Thanks, BsickPassat. So it sounds like the following is considered best practice:

1) Use an add-a-fuse kit rather than running a wire directly to the fuse (which is considered the "hack" approach)
2) When making the wiring connections, crimp the connections rather than solder them (as per VW)

Also, I'm not sure I understand your last line about ILL(umination) and the headlight switch. Doesn't the harness adaptor allow the HU to light up once it's connected?


----------



## BsickPassat (May 10, 2010)

cipher7 said:


> Also, I'm not sure I understand your last line about ILL(umination) and the headlight switch. Doesn't the harness adaptor allow the HU to light up once it's connected?


not necessarily.

assuming that everything is lit.... at night, the screen and buttons would not dim down.


----------



## Boogie_manVR6 (Dec 31, 2013)

Don't forget about the K-Line that runs in the factory radio harness. If the K-Line isn't removed from the harness pin you can get trouble when doing a VAG-COM scan. It can actually damage a VAG-Scan Tool. Research it before you proceed.


----------



## BsickPassat (May 10, 2010)

Boogie_manVR6 said:


> Don't forget about the K-Line that runs in the factory radio harness. If the K-Line isn't removed from the harness pin you can get trouble when doing a VAG-COM scan. It can actually damage a VAG-Scan Tool. Research it before you proceed.

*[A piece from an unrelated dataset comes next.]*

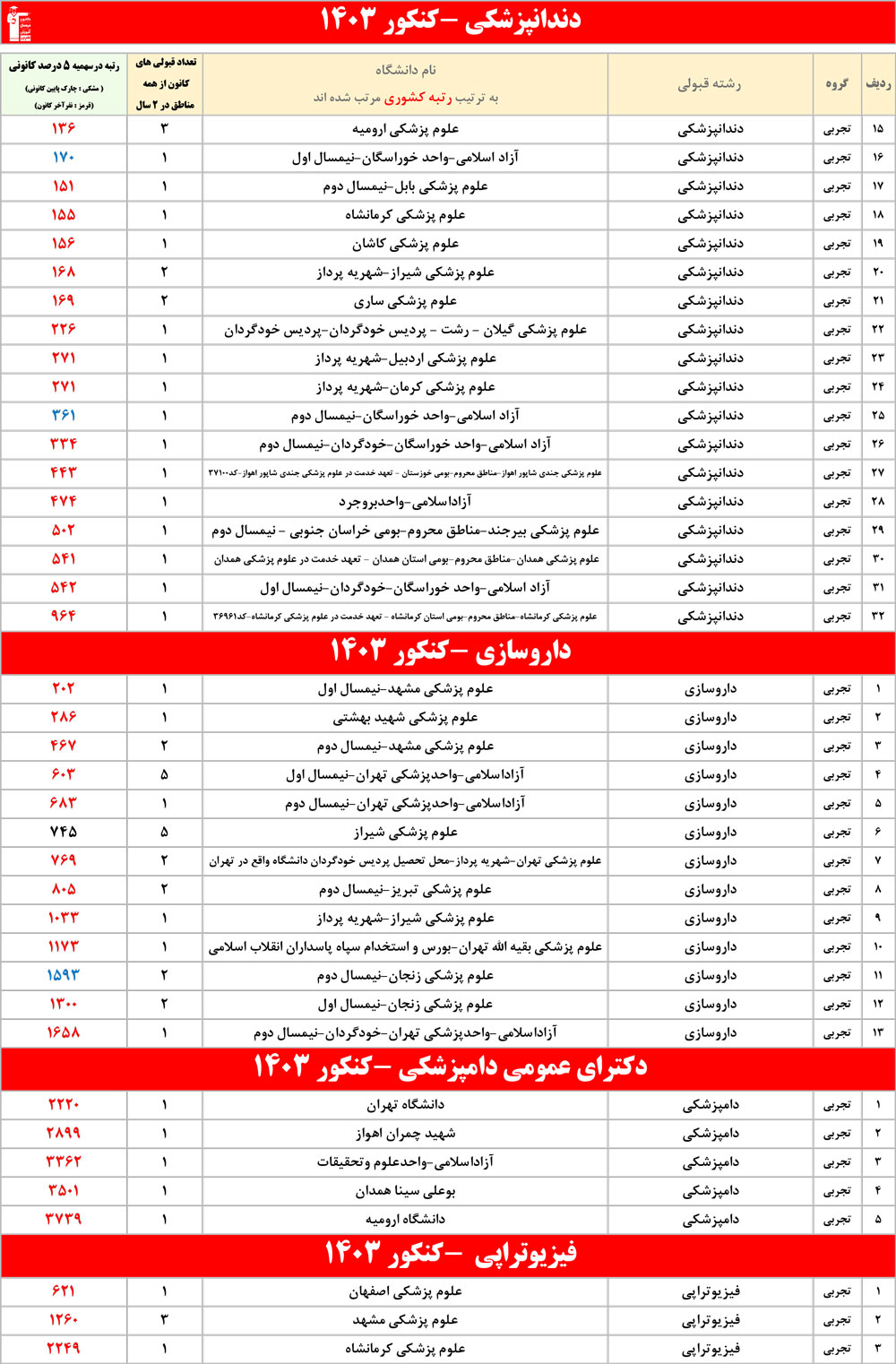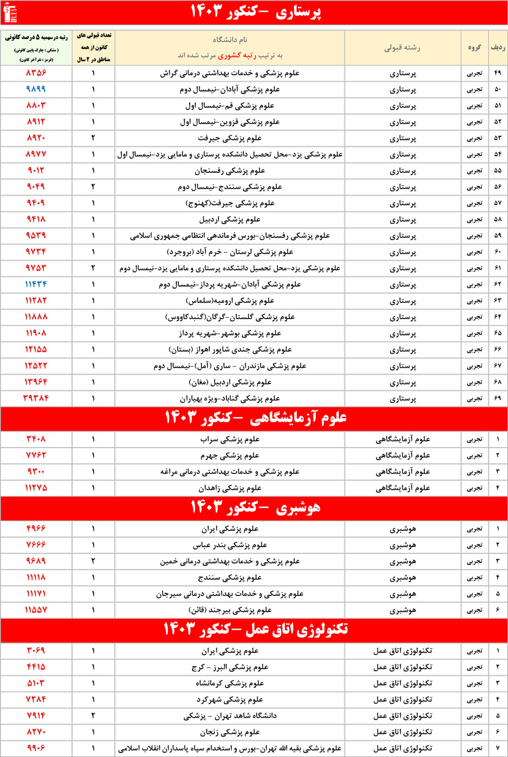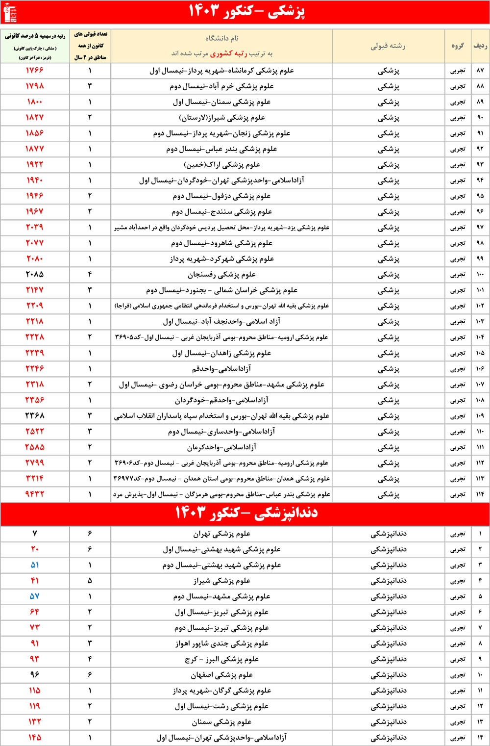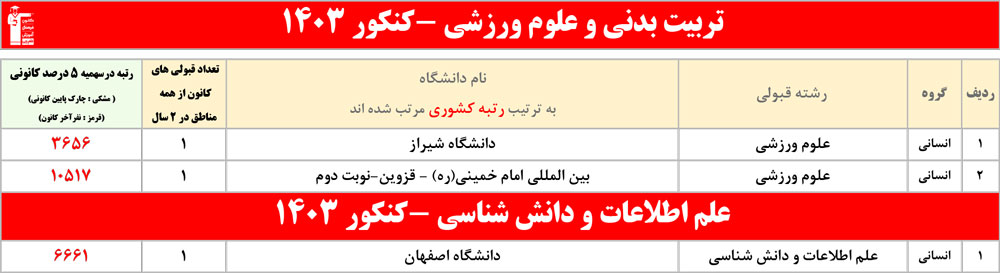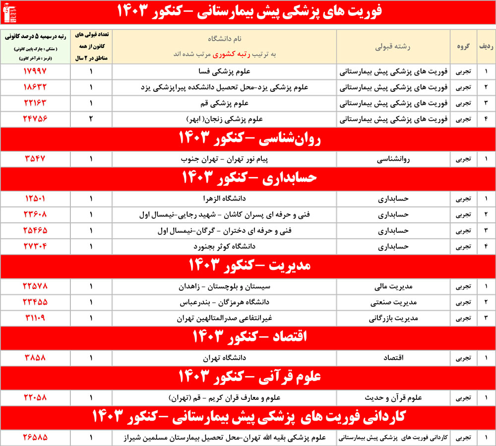 رنگ قرمز: مربوط به قبولی های کمتر از 3 نفر است

technically it's CAN+ and CAN-

the newer harnesses are usually good about not having any pins there.


----------



## Boogie_manVR6 (Dec 31, 2013)

BsickPassat said:


> technically it's CAN+ and CAN-
> 
> the newer harnesses are usually good about not having any pins there.

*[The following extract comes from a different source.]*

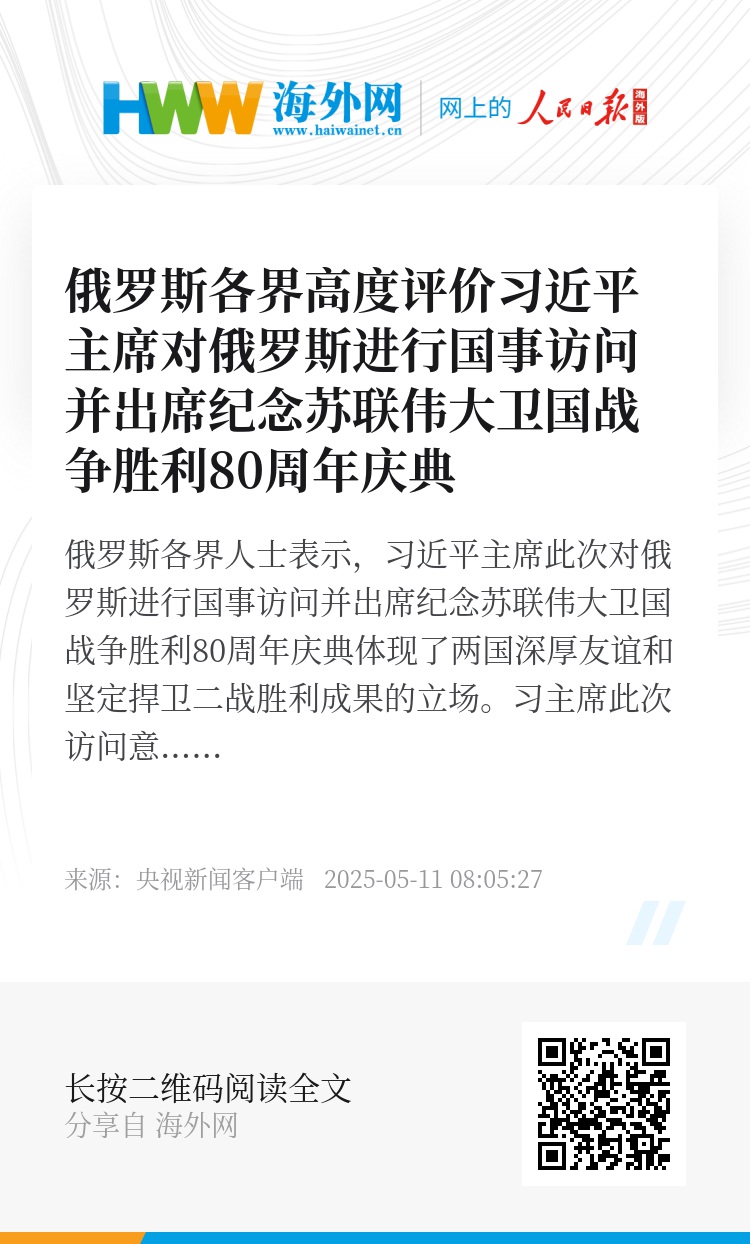 俄罗斯各界人士表示,习近平主席此次对俄罗斯进行国事访问并出席纪念苏联伟大卫国战争胜利80周年庆典体现了两国深厚友谊和坚定捍卫二战胜利成果的立场。习主席此次访问意义重大,两国领导人就一系列重要问题深入沟通并达成务实合作成果,彰显两国高度互信与相互支持,将俄中关系推向更高水平。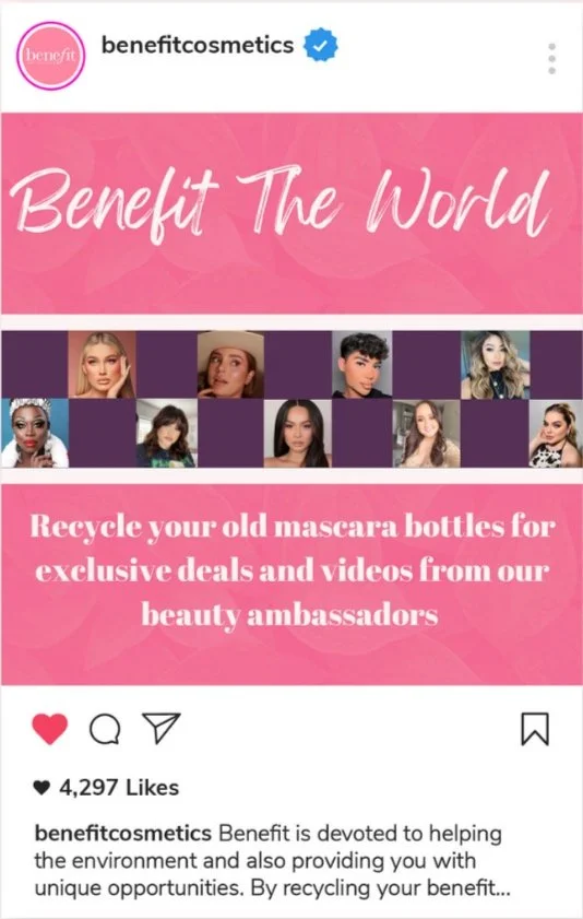 Here is a print mockup promoting Benefit’s recycling initiative featuring some of their brand ambassadors.

Thanks for clearing that up. I believe some models like 2003 & 2004 still have it in the harness, that's why I recommended for that to be taken note of as well. Always good to be on the safe side.


----------



## BsickPassat (May 10, 2010)

Boogie_manVR6 said:


> Thanks for clearing that up. I believe some models like 2003 & 2004 still have it in the harness, that's why I recommended for that to be taken note of as well. Always good to be on the safe side.


double din = CAN-BUS
single din = K-line


----------



## cipher7 (Jul 16, 2007)

BsickPassat said:


> not necessarily.
> 
> assuming that everything is lit.... at night, the screen and buttons would not dim down.


Thanks for this as I hadn't come across this issue during my reading. I'd definitely want my HU to dim if I dim the lights in the car. I'll track down a thread that describes how this is properly done.


----------



## cipher7 (Jul 16, 2007)

Another question I have is do I need a Double DIN Installation Dash Kit, like the one linked below, to properly secure my HU and the spacer pocket? 

http://metraonline.com/part/95-9012


----------



## BsickPassat (May 10, 2010)

cipher7 said:


> Another question I have is do I need a Double DIN Installation Dash Kit, like the one linked below, to properly secure my HU and the spacer pocket?
> 
> http://metraonline.com/part/95-9012


No. You're installing a single din HU


Sent from my iPhone. There may be horrible grammar and misspelling involved


----------



## cipher7 (Jul 16, 2007)

BsickPassat said:


> No. You're installing a single din HU
> 
> 
> Sent from my iPhone. There may be horrible grammar and misspelling involved


Thanks again, BsickPassat. You've really helped me here.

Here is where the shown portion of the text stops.